I have two dataframes that share an ID column between them. The first dataframe is split out and sent to the owners of the data for updates. Once returned, they are put back together into a single dataframe again. Now one dataframe has been updated and contains new entries with no ID yet and is also in a different order from what is originally was. df1 is the old, df2 is the new I want sort df2 based on the ID column in df1 and leave the new entries at the bottom. The IDs are randomly generated and do not have an order, which is by design.
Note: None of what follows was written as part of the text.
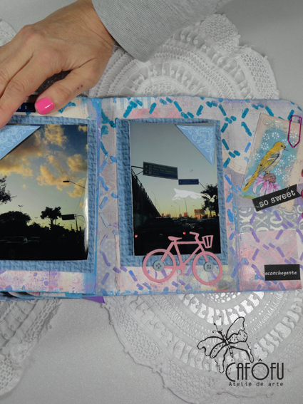 E abaixo fotos no meu mini aberto com as fotos, mais decoração e journaling.

Is there any good way of doing that? I looked at this post, which makes use of indexing. I could make my ID column the index, but as some new entries would not have an ID yet, that would not work.
I have made a mockup of the situation here:
df=pd.DataFrame(columns=['Name','DataOwner','UniqueID'], data=[['P1',1,123],['P2',2,321],['P3',3,456]])
df2=pd.DataFrame(columns=['Name','DataOwner','UniqueID'], data=[['P1',1,123],['P4', 1, ],['P2',2,321],['P5',2,],['P3',3,456], ['P6', 3, ]])
Which results in these two dataframes:
Name DataOwner UniqueID
0 P1 1 123
1 P2 2 321
2 P3 3 456
Name DataOwner UniqueID
0 P1 1 123.0
1 P4 1 NaN
2 P2 2 321.0
3 P5 2 NaN
4 P3 3 456.0
5 P6 3 NaN
The names of the projects are descriptive text and cannot be used for sorting, the dataowner is not sorted and just put there to illustrate that the data is returned by dataowner, put together in one big datafram before i need to sort it based on the ID with new entries at the bottom.
The result i want is then to have:
Name DataOwner UniqueID
0 P1 1 123
1 P2 2 321
2 P3 3 456
Name DataOwner UniqueID
0 P1 1 123.0
2 P2 2 321.0
4 P3 3 456.0
1 P4 1 NaN
3 P5 2 NaN
5 P6 3 NaN
Although the order of the new entries does not matter - they just need to be at the bottom.